“Cassandra? Can you hear me?”
Cassandra’s eyes stared into the distance, unfocused and just shy of blank. Then she blinked, and Athena exhaled.
The eyes that looked back at her were the eyes of Cassandra of Troy.
* * *
The world came back fast. Trees and water and sky splashed in buckets across the darkness. And not just before her eyes, which fluttered open. The world drenched her brain too, a whole other world, of yellow sand and white brick, days spent in woven dresses and sitting at looms. Images of bronze shields and sharpened spears, of her brother laughing in front of a fire. The taste of goat meat in her mouth. It all soaked in, colder than the ground beneath her head, another life immersed with her present one.
“Cassandra? Can you hear me?”
She blinked. That voice. Apollo’s voice. The god who had loved her. And cursed her. He was there. And he was Aidan. Memories linked together in her skull like pressed-together LEGOs.
“I can hear you.”
Aidan kissed her hair. “You almost killed her,” he said to Athena.

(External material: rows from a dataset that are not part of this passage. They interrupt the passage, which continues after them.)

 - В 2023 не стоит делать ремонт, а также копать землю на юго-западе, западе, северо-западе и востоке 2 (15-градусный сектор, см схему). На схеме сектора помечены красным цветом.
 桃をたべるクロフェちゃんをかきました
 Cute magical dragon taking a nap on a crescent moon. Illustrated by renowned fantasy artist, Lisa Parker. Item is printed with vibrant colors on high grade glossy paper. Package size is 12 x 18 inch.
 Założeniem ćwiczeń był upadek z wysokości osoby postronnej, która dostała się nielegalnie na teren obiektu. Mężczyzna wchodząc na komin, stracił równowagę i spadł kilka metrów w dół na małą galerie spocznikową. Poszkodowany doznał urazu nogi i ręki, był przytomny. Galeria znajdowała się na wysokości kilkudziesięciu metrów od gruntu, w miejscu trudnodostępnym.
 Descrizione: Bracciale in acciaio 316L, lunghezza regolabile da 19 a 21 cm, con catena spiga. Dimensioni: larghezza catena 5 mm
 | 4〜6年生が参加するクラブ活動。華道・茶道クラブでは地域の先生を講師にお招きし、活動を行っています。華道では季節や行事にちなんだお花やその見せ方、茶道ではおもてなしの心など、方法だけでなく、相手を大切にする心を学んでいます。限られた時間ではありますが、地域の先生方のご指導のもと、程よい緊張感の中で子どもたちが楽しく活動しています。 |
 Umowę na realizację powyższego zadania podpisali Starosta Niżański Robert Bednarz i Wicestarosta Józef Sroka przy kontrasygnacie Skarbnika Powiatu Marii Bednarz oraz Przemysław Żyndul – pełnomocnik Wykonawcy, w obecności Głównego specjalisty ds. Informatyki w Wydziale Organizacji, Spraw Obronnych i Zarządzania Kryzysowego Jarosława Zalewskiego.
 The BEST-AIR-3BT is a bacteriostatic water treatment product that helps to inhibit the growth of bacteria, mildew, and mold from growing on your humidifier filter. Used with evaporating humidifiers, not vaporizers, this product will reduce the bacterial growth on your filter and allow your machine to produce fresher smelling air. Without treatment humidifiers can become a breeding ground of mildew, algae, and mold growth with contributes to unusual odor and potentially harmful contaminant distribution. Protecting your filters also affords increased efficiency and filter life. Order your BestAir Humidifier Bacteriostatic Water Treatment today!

“I did kill her,” Athena corrected. “And now she’s herself again. Isn’t that right?”
Cassandra tugged free of Aidan and got to her feet, trying not to wobble. Athena nodded, and Cassandra knew what she must see. The difference was slight, but it was there. The way she held her shoulders. A scant bit of stiffness in her spine. The awkward ease of youth had fallen away. Memories of another person, another life, had settled onto her like layers of snow.
“No, that’s not right,” Cassandra said. “But I do remember. Is that what you wanted? Athena?”
Athena exhaled. “You know me. Good. It’s what we needed.”
“It wasn’t what I needed.” Cassandra cocked her head and narrowed her eyes. “I saw you, once, on the battlefield below the wall. You threw a spear through four men. One was a boy I’d made jewelry for when we were children. He wasn’t much more than a child when you cut him down. And you laughed.”
Athena frowned. “I suppose it isn’t fair to say that’s not me anymore. Not when you’ve just remembered.”
“No. It isn’t.”
“Cassandra.” Aidan reached for her.
“Don’t, Apollo.” Cassandra shrugged him off, which wasn’t hard. When she used his real name he recoiled like he’d been burned. She walked up the deadfall and back to the road.
* * *
“Are we just going to let her go?” Hermes asked.
“She needs time.” We’ve done enough to her for now. Give her a moment to put two lives together. “When she’s ready, she’ll come looking for us, and we’ll see what she can do. Until then, just keep an eye out. Make sure she’s safe.”
Apollo turned. “Stay away from her. Nothing’s changed. If you try to use her, I’ll find something that really will crack your head open.”
Athena clenched her jaw. “Nothing’s changed? Everything’s changed. She won’t want you within a mile.”
“I was making it up to her. I wanted to make it right.”
Athena shook her head. “How could you have righted a wrong she didn’t know you committed? When could she have told you it was enough? That you’d paid for it, and been forgiven?” Gods. Forever making their own rules.
“This wasn’t the way.”
“We needed Cassandra of Troy. No one had any other suggestions.”
Apollo glared at her. “Not even a shred of guilt. Minutes after you strangled an innocent girl. Everything is a means to an end with you.”
“It was justice. She had the right to know who she was. And what you did to her.”
“You hide behind justice. Athena knows best.” He looked at them with disgust. “I’m glad you’re dying. I wish that I was. It’s what we all deserve.”
* * *
Having one’s head sewn back together hurt. A lot. Particularly when there was no anesthetic involved. Athena sat on the counter of the sink at the Motel 6 while Odysseus dragged black surgical thread back and forth through her scalp with a sterilized needle. The awkward tugging and stinging did nothing to improve her mood. She still seethed over Apollo, walking away like a kicked puppy, trying to make her feel guilty for doing what had to be done.
But was there another way? Maybe I was in too big a hurry.
She thought of Cassandra’s eyes, the way their innocence had turned to bitterness. It was hard, and cold, and more than a little cruel.
“He’s just like the girl,” Hermes said from the bed on the other side of the room, where he lay lazily flipping through channels. “Apollo just needs time. Time to see the bigger picture.”